Food & Drink Magazine

Templeton Rye Squeeze Play

By Weliketocook @welike2cook
We have long been fans of “America’s team,” the Atlanta Braves, so named because the team's games were broadcast on the nationally-accessible TBS from the 1970s until 2007, giving the team a nationwide fanbase. Each year we begin the baseball season early by watching Spring Training games played in Florida’s Grapefruit League. Our beloved Atlanta Braves, who have been training in Florida since 1906, moved to their current home in Disney’s ESPN Wide World of Sports Complex in 1998.
Templeton Rye Squeeze PlayWhat is the Grapefruit League, you ask? In 1915, aviator Ruth Law threw the grapefruit from her airplane to then Brooklyn Dodgers manager, Wilbert Robinson. When Robinson tried to catch it, the grapefruit exploded in his face. This became the accepted version of how the "Grapefruit League" got its name. That same year, the Philadelphia Phillies began training in Sunshine Park.
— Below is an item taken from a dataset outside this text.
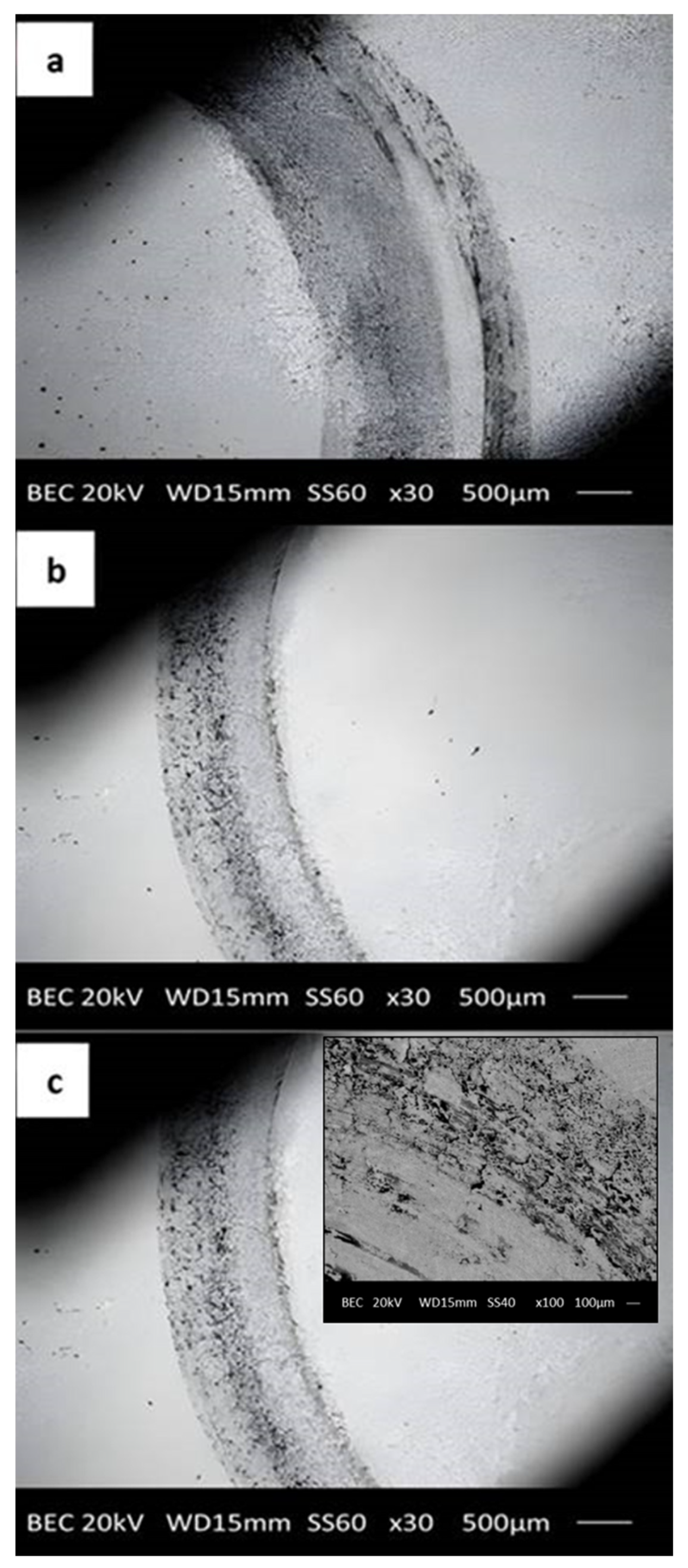 Figure 8c), the tribological behavior becomes more complex. The enlarged presence of Al oxides, the refined microstructure, and the reduced intrinsic hardness promote adhesive interactions between the alloy surface and the counterface material. The synergy of these effects produces a mixed wear regime in which delamination, third-body abrasion, and adhesion all coexist. The scale of material removal becomes governed not merely by mechanical hardness, but by the electronic and chemical instabilities introduced by high Al concentrations, which modify surface bonding and accelerate oxide-assisted wear.

When they won 14 of their first 15 games of the 1915 season and went on to win the National League pennant, Florida's reputation as the nation's premier training ground was sealed and in the years leading up to the great Florida boom of the 1920s, the famous Grapefruit League took shape.
What better way to honor the Grapefruit League and our beloved Braves than a citrus-inspired cocktail with grapefruit juice (of course) and some “good stuff.” Templeton Rye, officially labeled as “The Good Stuff,” and the whiskey of choice for the infamous Al Capone (who was also a baseball fan!) seems the perfect addition to this baseball-inspired adult beverage.
Templeton Rye Squeeze Play
Squeeze Play Cocktail
2 oz. Templeton rye
2 oz. grapefruit juice
1 tablespoon lemon oleo-saccharum
Flamed orange peel
Flame orange peel by squeezing the peel over a lit match and strongly pressing out a lot of oil quickly. Rub the peel around the rim of the glass and coat the rim with sugar. Drop the twist into the glass.
Shake rye and grapefruit juice together with crushed ice, and pour into the glass before garnishing with lemon balm or thyme.